What is needed: From the first line of the data below through the line holding "Новогоднее украшение, ветки", output each line exactly and leave the pictures out.

Material provided:
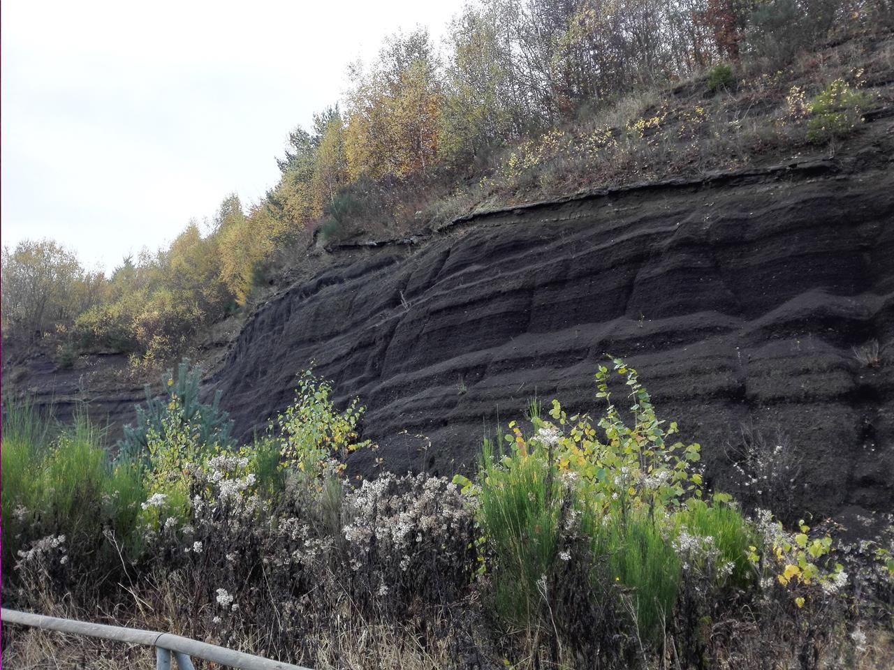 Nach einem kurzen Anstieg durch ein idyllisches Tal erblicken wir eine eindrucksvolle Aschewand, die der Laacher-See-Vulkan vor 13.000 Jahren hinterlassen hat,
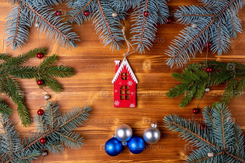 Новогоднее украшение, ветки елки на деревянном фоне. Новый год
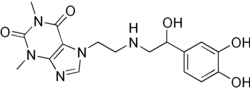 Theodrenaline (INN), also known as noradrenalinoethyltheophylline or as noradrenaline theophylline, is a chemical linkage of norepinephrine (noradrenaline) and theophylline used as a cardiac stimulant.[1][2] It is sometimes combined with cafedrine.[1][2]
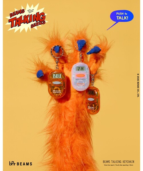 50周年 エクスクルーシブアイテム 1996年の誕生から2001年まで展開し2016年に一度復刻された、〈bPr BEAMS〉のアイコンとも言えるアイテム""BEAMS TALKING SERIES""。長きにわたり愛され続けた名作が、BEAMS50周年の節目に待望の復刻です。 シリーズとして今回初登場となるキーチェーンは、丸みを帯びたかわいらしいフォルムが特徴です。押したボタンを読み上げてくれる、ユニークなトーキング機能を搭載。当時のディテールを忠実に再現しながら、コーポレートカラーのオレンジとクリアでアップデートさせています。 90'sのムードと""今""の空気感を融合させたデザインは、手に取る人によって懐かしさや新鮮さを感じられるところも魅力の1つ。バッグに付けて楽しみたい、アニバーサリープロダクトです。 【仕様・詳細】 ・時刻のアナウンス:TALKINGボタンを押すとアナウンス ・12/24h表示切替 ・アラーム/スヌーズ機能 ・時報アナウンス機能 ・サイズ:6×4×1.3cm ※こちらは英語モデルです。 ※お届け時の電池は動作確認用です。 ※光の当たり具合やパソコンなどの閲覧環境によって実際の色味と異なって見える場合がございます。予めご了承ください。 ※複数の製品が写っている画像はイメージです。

Task solution:
 Nach einem kurzen Anstieg durch ein idyllisches Tal erblicken wir eine eindrucksvolle Aschewand, die der Laacher-See-Vulkan vor 13.000 Jahren hinterlassen hat,
 Новогоднее украшение, ветки елки на деревянном фоне. Новый год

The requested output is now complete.